Day by day Henry improved. His appetite returned and he took up business again, summoning his barons and knights to his chamber and dealing with them for as long as his energy lasted. There came a morning when Alienor arrived to find him absent and his attendants making up the bed and clearing the crumbs of a meal from the table by the embrasure.

‘My lord said he was going out for a ride,’ said Henry’s chamberlain, ‘and that if you asked for him, he would see you and the Empress at the dinner hour.’

She knew then that all was back to normal, and although she was relieved and delighted that Henry was back to full health, a part of her regretted the loss of the moments spent together in this chamber enjoying mutual pursuits, because once again he would be too busy throwing himself at the life he had so nearly lost to find the time for his wife.


52

Rouen, October 1154

In the cold October morning, Alienor sipped the ginger tisane Marchisa had made for her while her women dressed her in warm robes.
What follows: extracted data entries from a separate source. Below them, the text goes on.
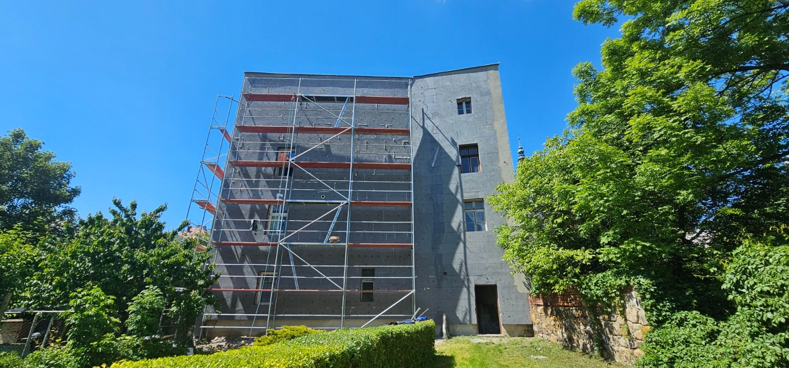 Trwają roboty budowlane w budynku przy ul. Garbarskiej 26 w Świdnicy. Budynek został ocieplony.
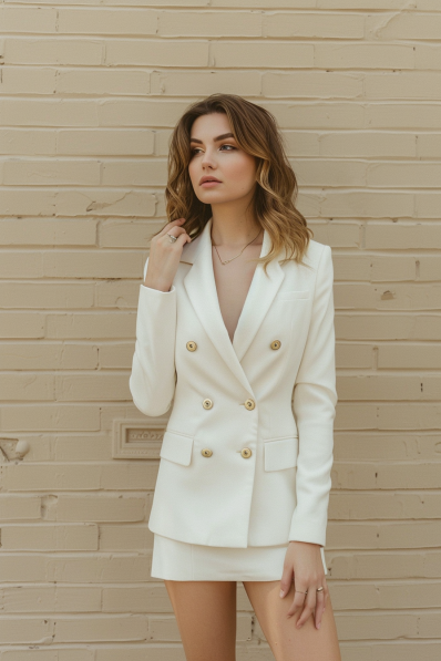 This crisp white blazer and mini skirt combo is the perfect balance of sophistication and modern style. The tailored double-breasted blazer, with its gold button details, gives off major power-dressing vibes, while the fitted mini skirt adds a touch of femininity. The clean lines and structured fit make this outfit effortlessly chic, ideal for a dinner date where you want to look polished but not overdone. Pairing it with delicate jewelry keeps the look refined and stylish.
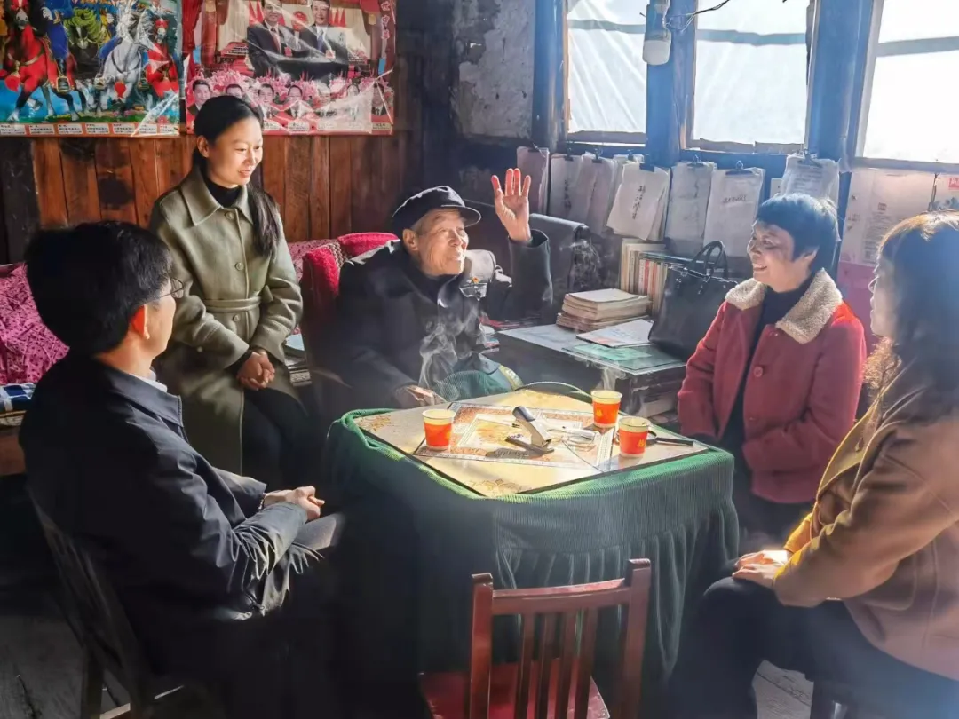 12月2日,安化县委组织部在奎溪镇雾寒村开展“致敬老党员 争当好干部”学习教育活动,机关全体党员参加。部机关党员干部一行首先抵达唐上君老师家中,与其进行了深入交流,了解到唐老师已95岁高龄,身体健康精神状态良好,闲暇时候依旧喜欢读书看报、关注近期的时事热点,对十九届六中全会精神进行了学习,并阐述了自己的心得体会。唐老师书楼中书桌上堆满了各种书籍,“活到老学到老”是他经常挂在嘴边的一句话。在他辅导过的学生中先后考出了50名大学生,唐老师认为,作为教师,要有“爱心、耐心、恒心、决心”,没有教不好的学生,只有缺少教育方法的老师与缺少学习方法的学生。他将继续关心青少年儿童的健康成长,争取培养更多优秀的学生。在唐老师房屋旁的石拱桥上,雾寒村退休教师张老师,给大家讲述了红军长征时在本村发生的“一块红军布”、“娘帮红军筛米,父解红军难题”、“红军背尸动天地,老乡埋骨传后人”等三个小故事。在雾寒村村部,唐上君老师给大家上了一堂《永远忠于党,海枯石烂不变心》的生动党课。
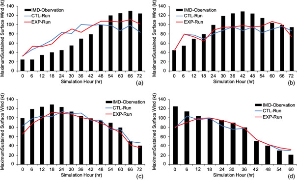 For the simulation at 00:00 UTC on May 16, 2020, Figure 7a shows that both CTL-run and EXP-run have overestimated the MSSW from the beginning to the 48-h lead time. Initially, the MSSW recorded from IMD observations was 46.3 km-1, whereas CTL and EXP-run estimated it as 59.1 km h-1. Subsequently, beyond the 48-h lead time, it was noted that the EXP-run MSSW plot closely aligned with the IMD observation compared to the CTL-run. Figure 7b illustrates the simulation from the IC at 00:00 UTC on May 17, 2020. After a 12-h lead time, EXP-run MSSW values are observed to be closer to IMD observations as compared to the CTL-run. Figure 7c shows the MSSW values for another simulation conducted from the IC at 00:00 UTC on May 18, 2020. It is observed that both CTL-run and EXP-run underestimated the MSSW values until the 30-h lead time, after which the EXP-run MSSW plot exhibited a smoother trend relatively closer to the IMD MSSW observations as compared to the CTL-run. Figure 7d illustrates the MSSW value from the simulation form the IC at 00:00 UTC on May 19, 2020; after a 12-h lead time, the EXP-run MSSW values were found to be more closely aligned with IMD MSSW observations as compared to the CTL-run. Figure 7 shows that during the initial simulation hours, there is a deviation in both CTL-run and EXP-run from the IMD observations, mainly due to the model’s spin-up time (Jerez et al., 2020).
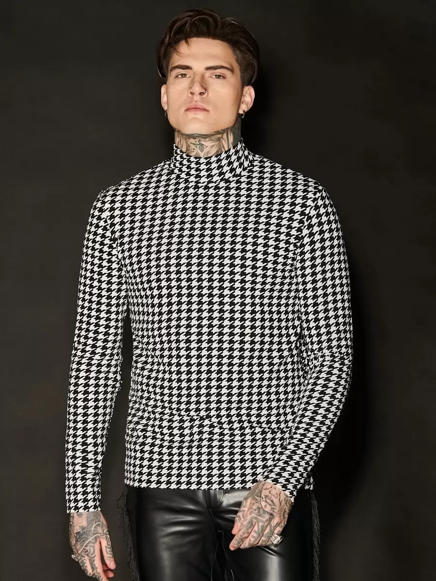Manfinity Homme Men Mock Neck Houndstooth Tee

It was the first morning in several months that she had not felt sick on rising. Her belly, still flat a week since, now showed a soft curve, and her new gown of bright brown wool was gathered at the front around a red braid belt to emphasise that area.

Henry had come to bed late and risen early, his energy so abundant that it was impossible to believe six weeks ago he had almost died. Today he was setting out to deal with the matter of a rebellious vassal at Torigny, and although she would have liked to keep him by her for at least another week, she knew the limits of what was possible.

She sent Emma to fetch little William and his nurse, but the woman arrived minus her charge. ‘Madam, the Duke has taken him,’ she said. ‘He said something about the stables.’